Sunday, June 01, 2008

Mehran

Over the past few days there has been a story in the news about a young boy named Alex Barton. Alex is five. He was recently diganosed with aspergerus (sometimes described as a milder form of autism).

One day, when he was in the vice-principle's office promising to stop disrupting the class (by crawling under tables, kicking tables, throwing crayons etc.) his teacher gathered the students to talk with them about Alex's (mis)behavior.

When Alex returned, his teacher, who had 12 years experience, made Alex walk to the front of the class, and asked him to listen to what the children didn't like about him. According to Alex, the children complained that he "eats paper, picks boogers … and bites his shoelaces," and the teacher herself said, "I hate you right now. I don't like you today." She then polled the class about whether to let Alex back in. Alex lost the class vote, 14-2, and spent the rest of the school day in the nurse's office. That night, Alex did not eat dinner and would not sleep in his own bed.

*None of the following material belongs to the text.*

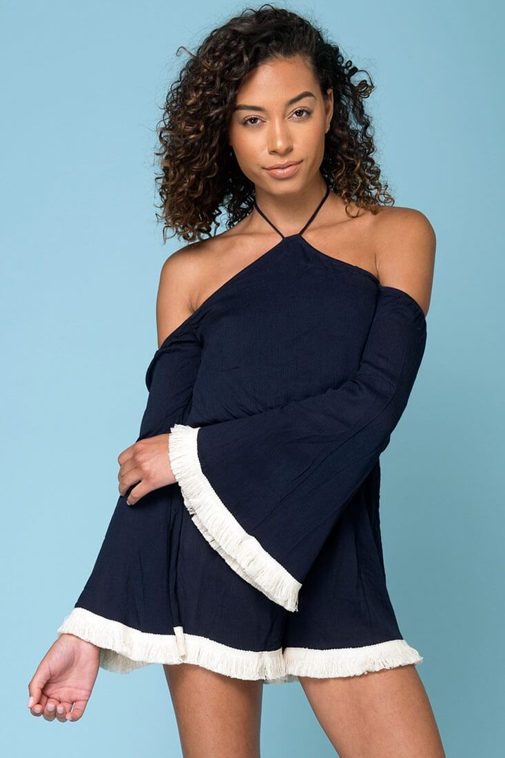 K.I.S.S.: Keep it simple, sweetie! The Nirvana Bell Sleeve Casual Romper is a beautiful and straightforward design with bell ruffles along the shorts and bell sleeves. Pair with tasteful heeled sandals.

This story really struck me. In part for the obvious reason, the public shaming of a five year old. But also I can somewhat understand what it must have been like.

When I was eight, in grade three, there was a disruptive boy in our class, Mehran. Mehran was from an immigrant family which was less affluent then most of the upper-middle class white families whose children went to my elementary school.

One day, we all sat in a circle, while the student teacher, under the watchful eye of the regular teacher, had us all say what we didn't like about Mehran's behaviour. After a while he turned so he was still in the circle, but with his back to the group.

I remember coming home and telling my mother - and how outraged she was. I was eight. I didn't really understand why it wrong. I knew Mehran was disruptive, although his disruptions never bothered me. And I knew it made him sad that the group was saying bad things about him. But at eight, I didn't fully understand the abuse of power and violation of trust on the part of the teachers. I only wish that someone had understood. That someone had been able to speak out. To protect him. But we couldn't. We didn't understand. And neither did he. He couldn't protect himself. And the teachers, the ones in the room who were charged with the duty of care to protect him, were the one's responsible for this abuse.

After that day we had a jar on the teacher's desk. Everytime Mehran did something good the teacher would put a marble in the jar. When he did something bad a marble would come out. When the jar was full the class would get popcorn. So basically, the class of third graders was charged with monitoring the behaviour of one of it's members. Surveiling him to make sure he contributed to the greater good. Giving the rest of us a positive incentive, while further marginalizing one member of the group.

I left that school the next year, and from what I understand, Mehran didn't come back either. I have no idea what happened to him. I hope he is somewhere happy and thriving. And I don't know about the rest of my classmates, but I hope I remember the lesson of that day. The duty of the strong to protect the weak. And the strength to stand up for what is right - now that I have the critical skills to understand and a voice with which to speak.